Please explain why. I can understand the second (raising the maximum) would be likely to encourage increased investment from HRTPs for whom the tax-free status boosts the gross-equivalent interest rate to be competitive with alternative investments. But the first (increasing the minimum) would not affect them, but would tend to put the others off. There must be loads of people who'd be happy to "gamble" with £50 but not with £100.

Reply to
Ronald Raygun

In message , Ronald Raygun writes

That is what the civil service union said when the minimum was put at £100 (fearing job cuts), but for some reason, perhaps due to the increased marketing, the amount invested jumped considerably. Perhpas its a strange snob thing, like the estate agent who *raised* the price of a house that wasnt selling to over £250k and it sold immediately.

Yes, but strangely the facts were different.

Reply to
john boyle

A strong encryption algorithm (good old 56-bit DES will do just fine, and there are much better ones) will also generate data which will be as random as anything one can get.

The reason against using something like that (i.e. the reason for using e.g. semiconductor thermal noise or rad decay) is that if somebody got hold of the key they would know what's coming up.

Thermal noise / decay should guarantee that the sequence cannot ever be predicted, but that's only true if the subsequent processing (A-D conversion, or whatever) has been done extremely carefully.

I've got the max PB investment and win £50 on average every month.

Reply to
John-Smith

Exactly. For something like PBs, *any* computational number generator is simply unacceptable, since any given number can be predicted with sufficient knowledge of the preconditions, and the software/hardware developers would have the potential for holding privileged information that could compromise the generator.

To be honest, you *could*, given that all the numbers are generated in a short period of time, get away with a really secure PRNG, seeded by a true entropy generator, but I don't think the market would buy into that. Pragmatically, I think they did the right thing, going for pure entropy instead.

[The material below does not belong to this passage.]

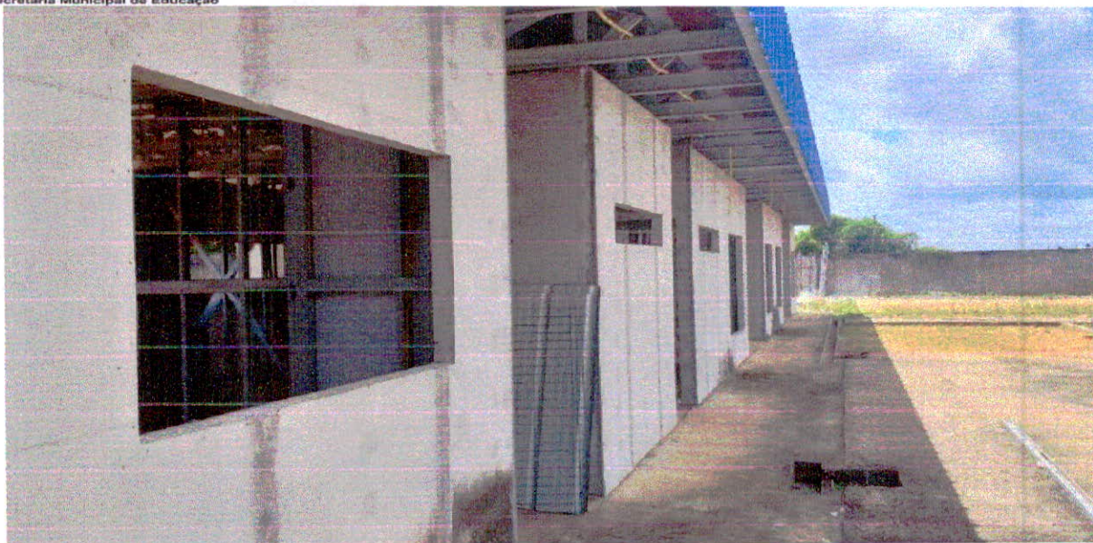
Fotografia 5 – Blocos Multiuso e Pedagógico II vedados e cobertos.

Um, wasn't that what I said? ;-)

Jon

Reply to
Jon S Green

There are good PRNGs, and if predicting the winning bond required knowing to the exact milisecond the time when a button is pressed, it would be hard to exploit. You would also need to be able to buy a bond with a number you specify. How do you know that the current gadgetry is not designed the draw the programmers' bonds more often? A lot of things could be hidden in the way the true random source is converted into the winning numbers.

Reply to
Steve

Details, please. This is not how a weak PRNG would fail. Is it possible, that with thousands of small town, a fairly rare event happens in one of them? Od that once a particular place or store is established as "lucky", lottery player flock there, and the higher number of tickets purchased there make the probability of winning higher?